Chapter 6. Text Feature Engineering

Introduction

In preceding chapters, we've spent time assessing powerful techniques that enable the analysis of complex or challenging data. However, for the most difficult problems, the right technique will only get you so far.

The persistent challenge that deep learning and supervised learning try to solve for is that finding solutions often requires multiple big investments from the team in question. Under the old paradigm, one often has to perform specific preparation tasks, requiring time, specialist skills, and knowledge. Often, even the techniques used were domain-specific and/or data type-specific. This process, via which features are derived, is referred to as feature engineering.

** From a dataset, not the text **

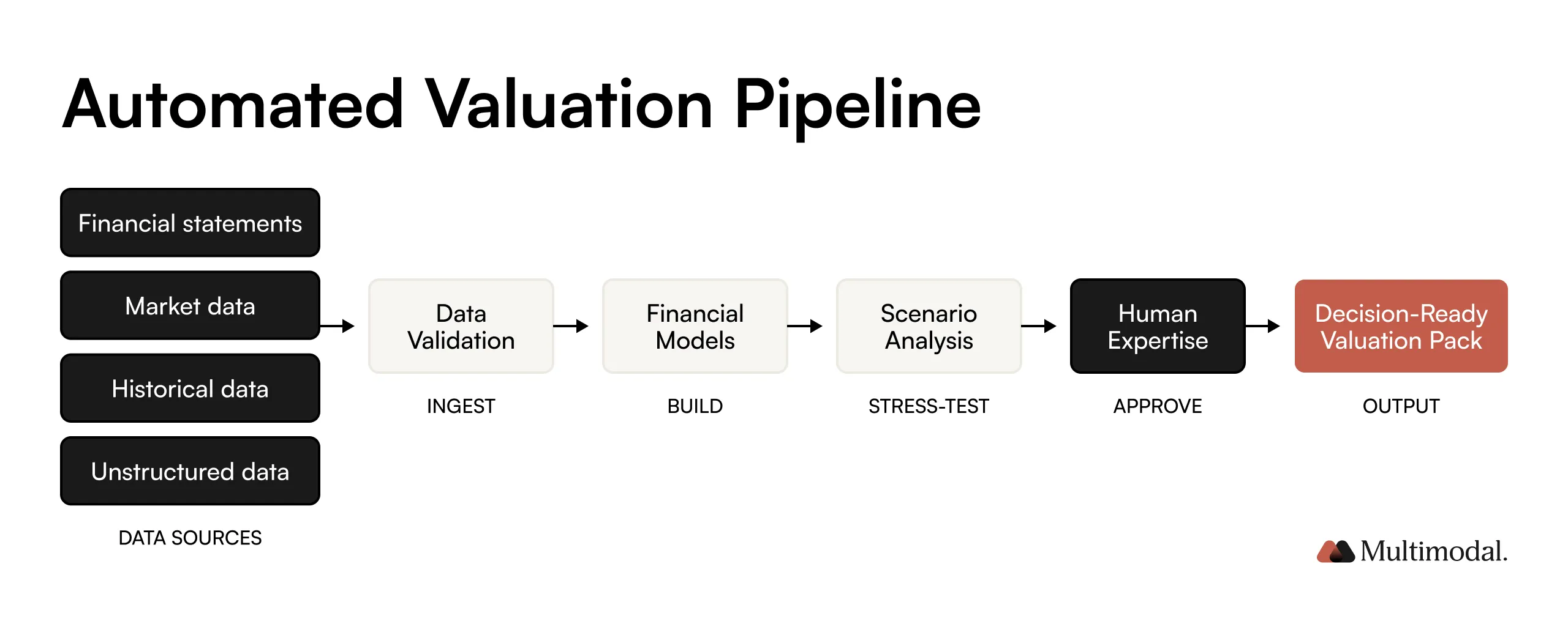 That shift matters because large data volumes are no longer an edge case; they're the norm. Firms winning on valuation work treat it as a data pipeline: automatically ingesting financial data and market data, normalizing and validating inputs, using machine learning models for pattern detection and scenario sensitivity, and keeping human expertise in the loop to validate assumptions and reconcile edge cases.

Most of the deep learning algorithms which we've studied so far are intended to help find ways around needing to perform extensive feature engineering. However, at the same time, feature engineering continues to be seen as a hugely important skill for top-level ML practitioners. The following quotes come from leading Kaggle competitors, via David Kofoed Wind's contribution to the Kaggle blog:

 

"The features you use influence more than everything else the result. No algorithm alone, to my knowledge, can supplement the information gain given by correct feature engineering."

 
 --(Luca Massaron)
 

"Feature engineering is certainly one of the most important aspects in Kaggle competitions and it is the part where one should spend the most time on. There are often some hidden features in the data which can improve your performance by a lot and if you want to get a good place on the leaderboard you have to find them. If you screw up here you mostly can't win anymore; there is always one guy who finds all the secrets. However, there are also other important parts, like how you formulate the problem. Will you use a regression model or classification model or even combine both or is some kind of ranking needed. This, and feature engineering, are crucial to achieve a good result in those competitions. There are also some competitions where (manual) feature engineering is not needed anymore; like in image processing competitions. Current state of the art deep learning algorithms can do that for you."

 
 --(Josef Feigl)

There are a few key themes here; feature engineering is powerful and even a very small amount of feature engineering can have a big impact on one's classifiers. It is also frequently necessary to employ feature engineering techniques if one wishes to deliver the best possible results. Maximising the effectiveness of your machine learning algorithms requires a certain amount of both domain-specific and data type-specific knowledge (secrets).

One more quote:

 

"For most Kaggle competitions the most important part is feature engineering, which is pretty easy to learn how to do."

 
 --(Tim Salimans)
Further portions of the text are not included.